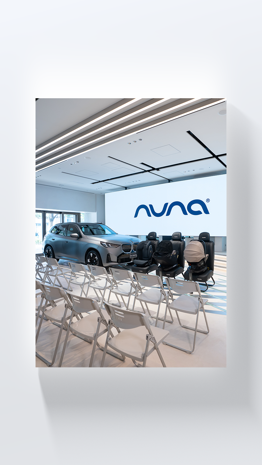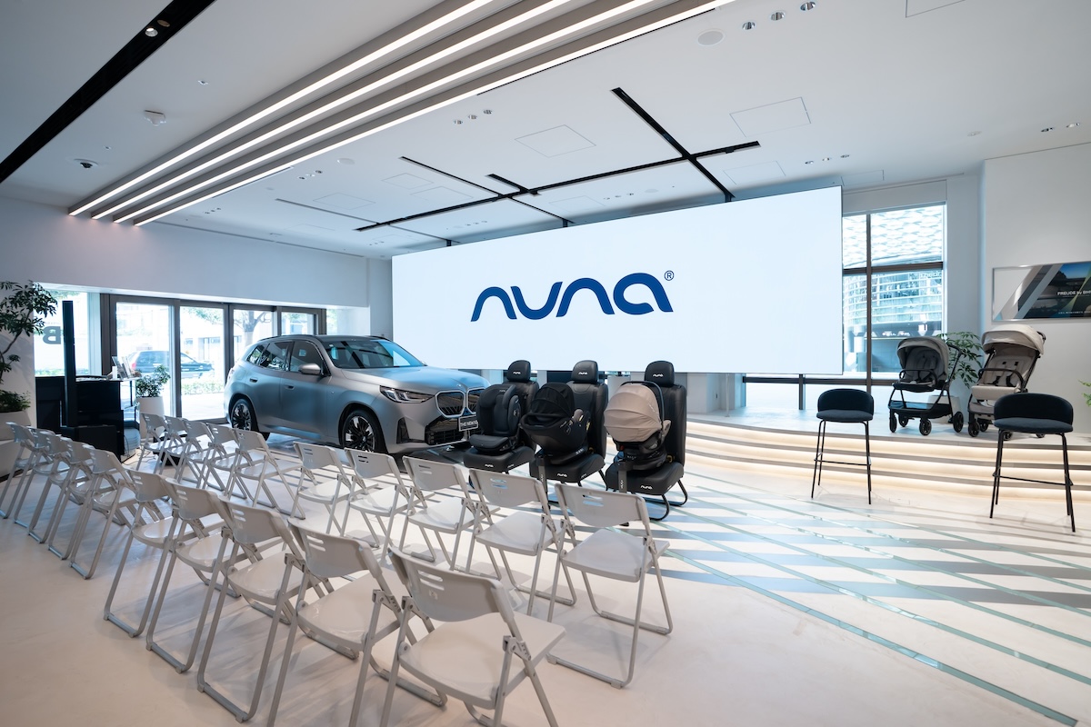 麻布台ヒルズ1FにあるFREUDE by BMWにて開催。BMWのブランドストアとなる会場では、チャイルドシートの取り付けはもちろん、BMWの新車展示が展開されており、講習以外にもパパ層の興味を惹く空間作りにこだわりました。ドアオープン後は、nunaロゴケーキピックのついたウェルカムフードやドリンクで来場者をもてなしました。
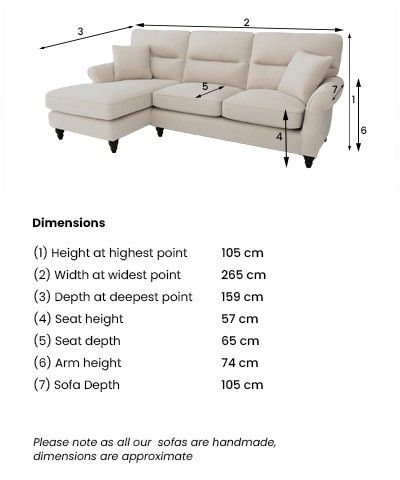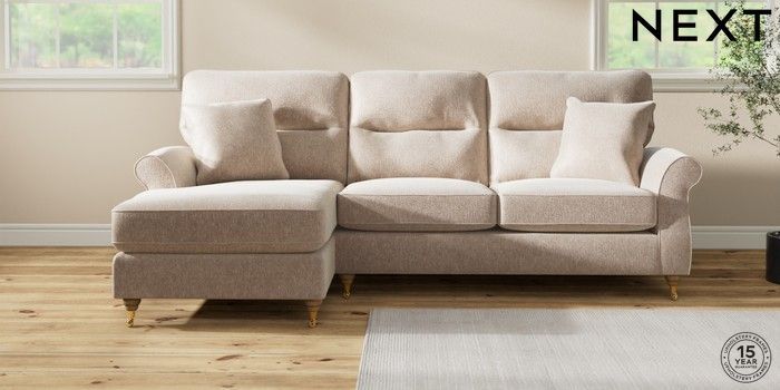 7.2.10 Ashford Highback Medium Sofa Chaise - Left Hand Cotswold Chenille Light Natural Castor - Light | Made Click here to use our website with more accessibility support, for example screen readers
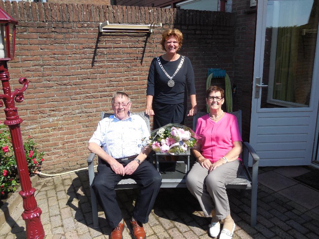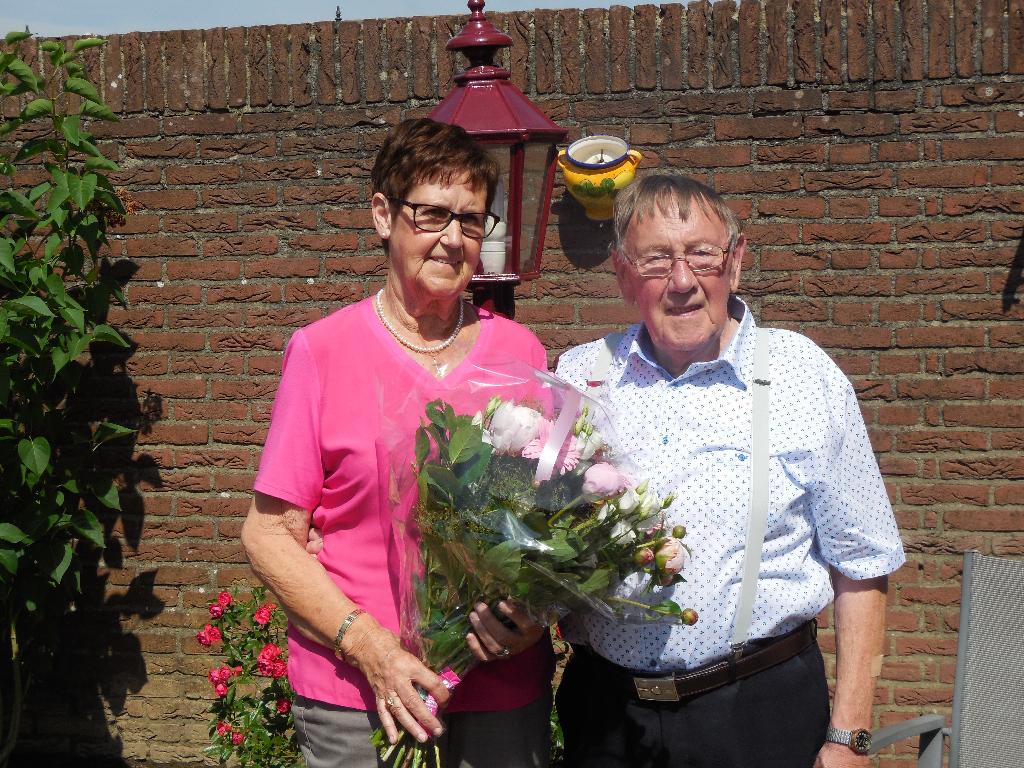 Geplaatst op:31-05-2018 Bijgewerkt op:01-06-2018 07:51 Diamanten bruidspaar van MiltenburgBron: Redactie RSM Aad van der VeenOp 30 mei jongstleden vierden de heer en mevrouw van Miltenburg het feit dat zij voor de wet 60 jaar getrouwd waren. De huwelijkse inzegening vond toentertijd plaats op 10 juni in de Montfoortse Johannes de Doper kerk. Zij ontvingen gisteren zowel van Koning Willem Alexander als de Commissaris van de Koning Dhr. van Beek de persoonlijke felicitaties. Burgemeester van Hartskamp kwam hen 31 mei persoonlijk feliciteren, vergezeld van een prachtige bos bloemen. Beiden zijn geboren en getogen in Montfoort. Adrie (meisjesnaam Vermeij) in de kern en Evert is opgegroeid op Achthoven wat vroeger nog tot IJsselstein behoorde. Zij ontmoeten elkaar op 18-jarige leeftijd op een godsdienstcursus in Montfoort. Ze kregen 3 kinderen, 2 dochters en 1 zoon Wim die sinds 1999 het autobedrijf runt. Hij is de van Miltenburg van de 3de generatie, want Evert heeft de zaak weer van zijn vader overgenomen in 1967. Adrie en Evert verhuisden in 2001 naar de kern Montfoort Evert die thans 84 jaar is, heeft zijn hele werkzame leven het garagebedrijf Van Miltenburg gerund, terwijl Adrie, die bijna 84 is, in eerste instantie na 1 jaar mulo naar de naaischool in Oudewater ging. Daarna heeft zij nog een aantal jaren aan huis kleding hersteld en tussendoor ook nog 4 bruidsjurken gemaakt, waaronder die van haarzelf. Maar het belangrijkste voor beiden was toch wel het bedrijf, waar Adrie naast de administratie allerlei voorkomende werkzaamheden deed. Vooral Evert was daar van s ’morgens vroeg tot s,avonds laat bezig en het gebeurde soms wel dat hij s ’nachts nog auto’s stond te spuiten. Dat ontlokte Adrie de opmerking dat hij dan ook maar beter in de garage kon gaan slapen. De grootste hobby is toch wel oude auto’s, waarmee ze tegenwoordig nog regelmatig korte ritjes maken, samen met Ries en Lida Kemp. Vroeger deden ze aan vele landelijke ritten mee en dat getuigt wel uit het aantal platen die in de garage hangen en de prijzenkast in de gang. Dit blijkt ook wel uit het feit dat ze nog regelmatig in Montfoort te zien zijn in een Datsun Sunny van 1971. Maar ook de vele reizen die zij maakten, ze bezochten o.a. Mexico, Thailand, Japan en Indonesië is iets waar ze nog steeds met heel veel plezier op terug kijken. Binnenkort zal het echtpaar door familie, vrienden en kennissen tijdens een feestelijke avond nog een keer in het zonnetje gezet worden.

> _What to produce_:
Return the full set of lines above word for word and with no pictures.

> _Finished exercise_:
 麻布台ヒルズ1FにあるFREUDE by BMWにて開催。BMWのブランドストアとなる会場では、チャイルドシートの取り付けはもちろん、BMWの新車展示が展開されており、講習以外にもパパ層の興味を惹く空間作りにこだわりました。ドアオープン後は、nunaロゴケーキピックのついたウェルカムフードやドリンクで来場者をもてなしました。
 7.2.10 Ashford Highback Medium Sofa Chaise - Left Hand Cotswold Chenille Light Natural Castor - Light | Made Click here to use our website with more accessibility support, for example screen readers
 Geplaatst op:31-05-2018 Bijgewerkt op:01-06-2018 07:51 Diamanten bruidspaar van MiltenburgBron: Redactie RSM Aad van der VeenOp 30 mei jongstleden vierden de heer en mevrouw van Miltenburg het feit dat zij voor de wet 60 jaar getrouwd waren. De huwelijkse inzegening vond toentertijd plaats op 10 juni in de Montfoortse Johannes de Doper kerk. Zij ontvingen gisteren zowel van Koning Willem Alexander als de Commissaris van de Koning Dhr. van Beek de persoonlijke felicitaties. Burgemeester van Hartskamp kwam hen 31 mei persoonlijk feliciteren, vergezeld van een prachtige bos bloemen. Beiden zijn geboren en getogen in Montfoort. Adrie (meisjesnaam Vermeij) in de kern en Evert is opgegroeid op Achthoven wat vroeger nog tot IJsselstein behoorde. Zij ontmoeten elkaar op 18-jarige leeftijd op een godsdienstcursus in Montfoort. Ze kregen 3 kinderen, 2 dochters en 1 zoon Wim die sinds 1999 het autobedrijf runt. Hij is de van Miltenburg van de 3de generatie, want Evert heeft de zaak weer van zijn vader overgenomen in 1967. Adrie en Evert verhuisden in 2001 naar de kern Montfoort Evert die thans 84 jaar is, heeft zijn hele werkzame leven het garagebedrijf Van Miltenburg gerund, terwijl Adrie, die bijna 84 is, in eerste instantie na 1 jaar mulo naar de naaischool in Oudewater ging. Daarna heeft zij nog een aantal jaren aan huis kleding hersteld en tussendoor ook nog 4 bruidsjurken gemaakt, waaronder die van haarzelf. Maar het belangrijkste voor beiden was toch wel het bedrijf, waar Adrie naast de administratie allerlei voorkomende werkzaamheden deed. Vooral Evert was daar van s ’morgens vroeg tot s,avonds laat bezig en het gebeurde soms wel dat hij s ’nachts nog auto’s stond te spuiten. Dat ontlokte Adrie de opmerking dat hij dan ook maar beter in de garage kon gaan slapen. De grootste hobby is toch wel oude auto’s, waarmee ze tegenwoordig nog regelmatig korte ritjes maken, samen met Ries en Lida Kemp. Vroeger deden ze aan vele landelijke ritten mee en dat getuigt wel uit het aantal platen die in de garage hangen en de prijzenkast in de gang. Dit blijkt ook wel uit het feit dat ze nog regelmatig in Montfoort te zien zijn in een Datsun Sunny van 1971. Maar ook de vele reizen die zij maakten, ze bezochten o.a. Mexico, Thailand, Japan en Indonesië is iets waar ze nog steeds met heel veel plezier op terug kijken. Binnenkort zal het echtpaar door familie, vrienden en kennissen tijdens een feestelijke avond nog een keer in het zonnetje gezet worden.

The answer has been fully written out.